What is expected.
Once you reach the line with "青岛市精神卫生中心睡眠医学科" in the material below, copy each line exactly up to and including the line with "Word problems are", and skip the pictures.

Dataset records.

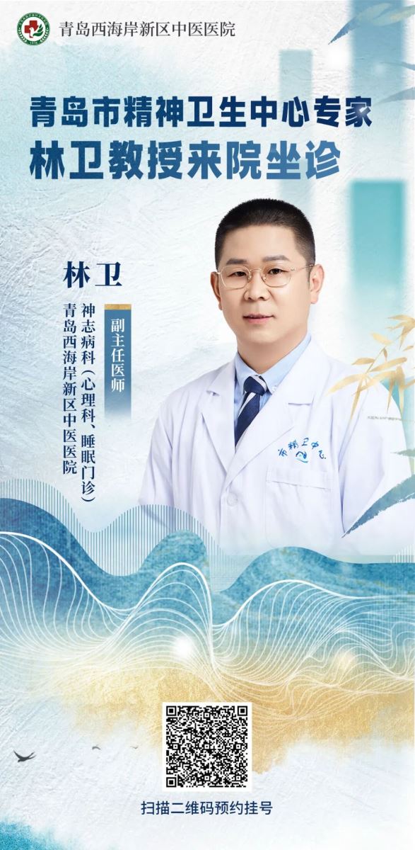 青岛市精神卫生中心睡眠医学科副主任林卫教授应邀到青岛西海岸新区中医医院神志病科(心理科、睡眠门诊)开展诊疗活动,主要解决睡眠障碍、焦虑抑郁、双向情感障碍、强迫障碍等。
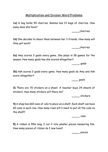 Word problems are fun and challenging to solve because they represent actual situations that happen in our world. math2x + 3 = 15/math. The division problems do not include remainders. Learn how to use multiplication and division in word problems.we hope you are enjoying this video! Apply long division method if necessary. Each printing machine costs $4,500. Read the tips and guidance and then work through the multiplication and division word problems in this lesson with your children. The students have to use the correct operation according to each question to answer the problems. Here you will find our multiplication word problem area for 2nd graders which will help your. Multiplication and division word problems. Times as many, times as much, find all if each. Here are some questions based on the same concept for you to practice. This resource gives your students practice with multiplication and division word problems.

* * *

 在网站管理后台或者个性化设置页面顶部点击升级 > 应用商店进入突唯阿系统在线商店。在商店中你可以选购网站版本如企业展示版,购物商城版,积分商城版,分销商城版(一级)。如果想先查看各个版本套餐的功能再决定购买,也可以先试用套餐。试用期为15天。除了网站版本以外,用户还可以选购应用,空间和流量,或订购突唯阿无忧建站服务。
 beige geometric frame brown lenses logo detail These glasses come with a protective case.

* * *

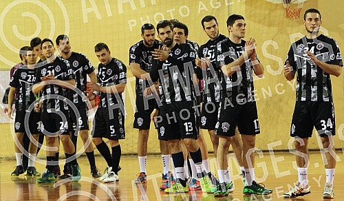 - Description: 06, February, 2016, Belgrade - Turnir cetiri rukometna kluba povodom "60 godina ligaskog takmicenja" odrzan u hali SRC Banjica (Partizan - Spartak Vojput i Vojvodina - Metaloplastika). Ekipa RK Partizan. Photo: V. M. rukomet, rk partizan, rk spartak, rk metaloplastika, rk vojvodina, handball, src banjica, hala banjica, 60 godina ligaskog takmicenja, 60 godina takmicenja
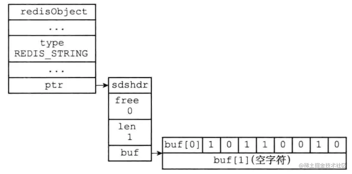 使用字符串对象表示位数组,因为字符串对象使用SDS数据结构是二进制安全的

Solution for this exercise.
 青岛市精神卫生中心睡眠医学科副主任林卫教授应邀到青岛西海岸新区中医医院神志病科(心理科、睡眠门诊)开展诊疗活动,主要解决睡眠障碍、焦虑抑郁、双向情感障碍、强迫障碍等。
 Word problems are fun and challenging to solve because they represent actual situations that happen in our world. math2x + 3 = 15/math. The division problems do not include remainders. Learn how to use multiplication and division in word problems.we hope you are enjoying this video! Apply long division method if necessary. Each printing machine costs $4,500. Read the tips and guidance and then work through the multiplication and division word problems in this lesson with your children. The students have to use the correct operation according to each question to answer the problems. Here you will find our multiplication word problem area for 2nd graders which will help your. Multiplication and division word problems. Times as many, times as much, find all if each. Here are some questions based on the same concept for you to practice. This resource gives your students practice with multiplication and division word problems.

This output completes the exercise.